Something at work feels off. Maybe it’s a schedule change that only lands on one person. Maybe it’s a review that came out of nowhere. People second guess these things a lot, and honestly, that’s fair. Not every awkward moment at work is a legal issue.
But some are. And when they are, the signs tend to show up early, if someone knows what to look at. Waiting until things get worse is how a lot of people end up scrambling for workplace legal help in Oakland months after the first weird thing happened. Not ideal. The earlier a pattern gets spotted, the more options are actually on the table.
Here are three worth paying attention to.
Suddenly, the Reviews Don’t Match Reality
An employee had solid reviews. Maybe even glowing ones. Then they spoke up about something, maybe a policy that didn’t feel right, or a comment a manager made, and the next review reads like it was written about a different person.
That timing matters. According to the EEOC’s guidance on retaliation, employers aren’t allowed to punish workers for raising concerns about discrimination or harassment, and that includes lowering evaluations or shifting them into less desirable roles. Doesn’t mean every bad review is retaliation. Sometimes people really do slip. But when the shift is sharp and it lines up with the day something was raised, that’s a pattern worth noting.
Keep copies. Emails, older reviews, the works. Boring advice, sure. It’s usually the boring stuff that ends up mattering.
The Rules Only Seem to Apply to One Person
This one’s less intuitive. Everyone else logs in late from time to time, but one person gets flagged. Someone took a longer lunch last week and no one blinked. Another employee did it once, and it’s a write up.
Could be a coincidence. Could be an insecure manager. Or, sometimes, it’s the quieter version of discrimination, where the rules technically apply to everyone but only get enforced against one person. Research from HBS has explored how difficult it can be to raise concerns inside a workplace culture that punishes speaking up, and part of what makes it so tough is that uneven enforcement rarely comes with a paper trail. So someone has to make one.
Side note: patterns like this are easier to see across weeks, not days. It’s worth stepping back once in a while.

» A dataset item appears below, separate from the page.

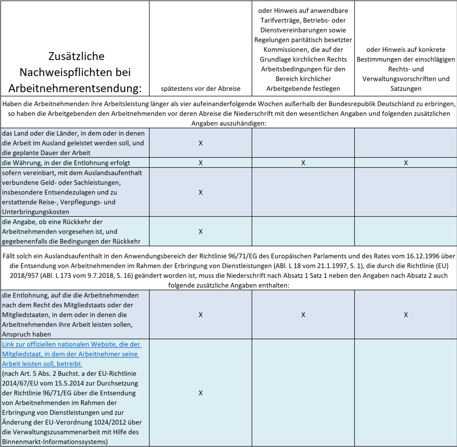Zusätzliche Informationspflichten sind für den Bereich der Arbeitnehmerentsendung geregelt.
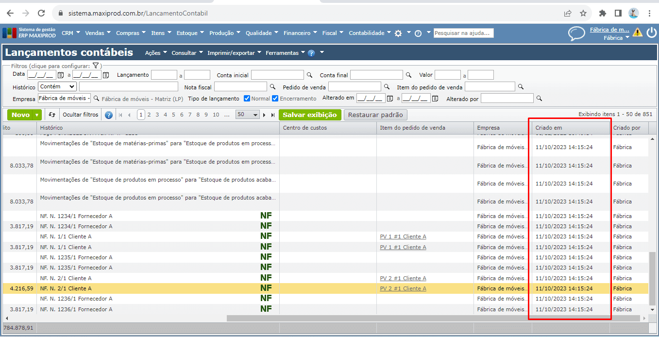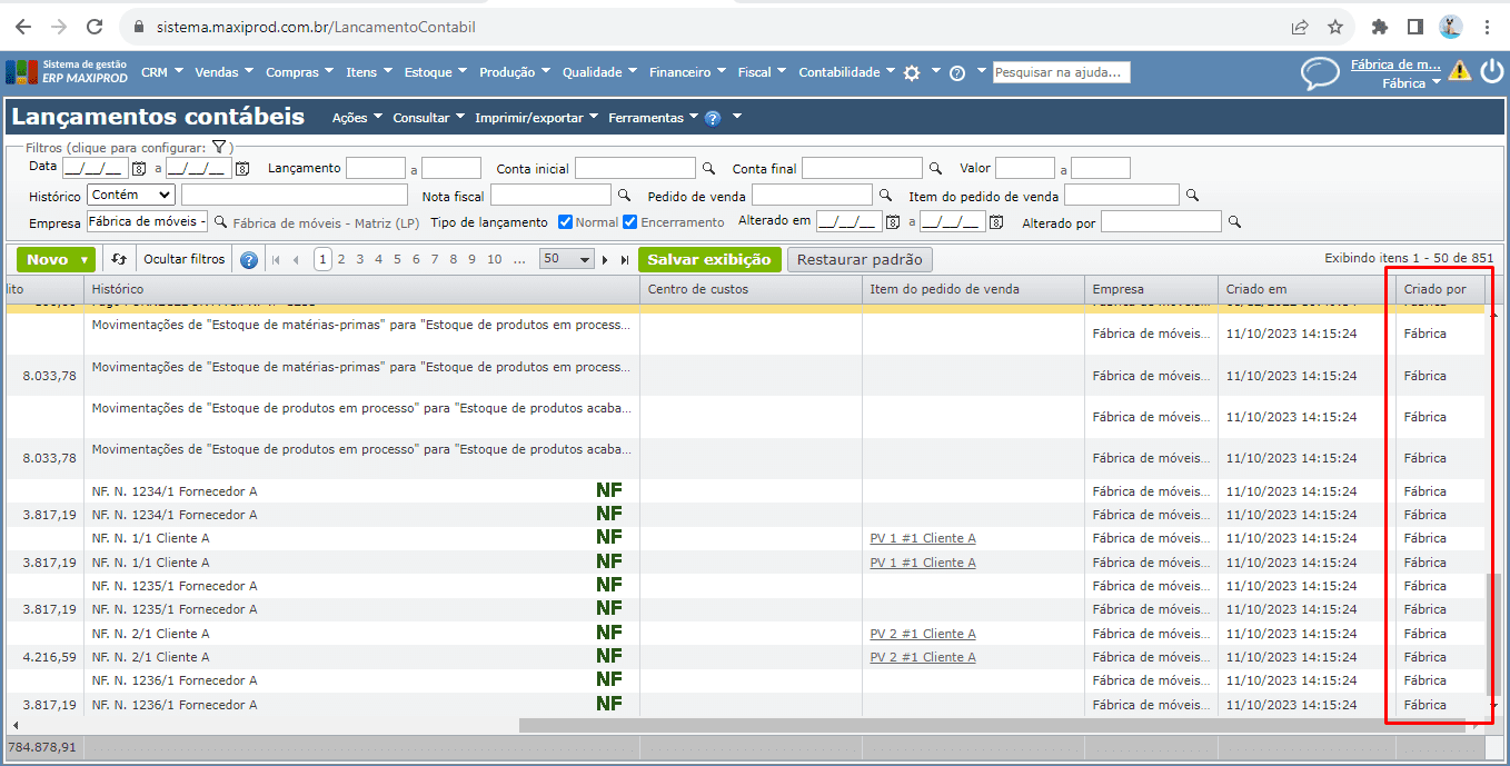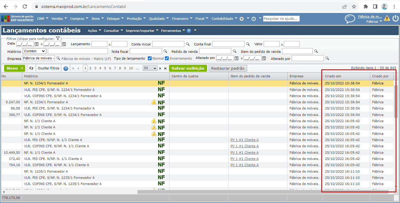 A coluna “Criado por” nas telas do ERP MAXIPROD exibe o apelido do usuário criador do respectivo registro, enquanto a coluna “Criado em” exibe a data em que o registro foi criado no sistema. Estas colunas existem nas telas de movimentações de estoque (que pode ser acessada através do menu “Estoque” > opção “Movimentações de estoque” ou a partir de registros que geraram as movimentações, como as NFs). Existem também nas telas de lançamentos contábeis (que pode ser acessada através do menu “Contabilidade” > opção “Lançamentos contábeis” ou a partir de registros que geraram lançamentos contábeis, como as NFs). Estas colunas nestas telas são inicializadas ocultas, por padrão.

Handbook Changes Nobody Mentioned
Handbook updates are usually dull. Sometimes they aren’t. If new arbitration clauses, non compete language, or vague “at will” reminders show up right after a complaint, or right before a round of layoffs, it’s worth reading closely.
Small firms in particular tend to update policies quickly when the regulatory picture shifts, which is a whole topic on its own. There’s decent coverage of workplace rule changes out there for anyone curious about how much of this happens in the background.
Nobody needs to memorize every clause. Just noticing when the ground moves is enough. Something to sit with, maybe.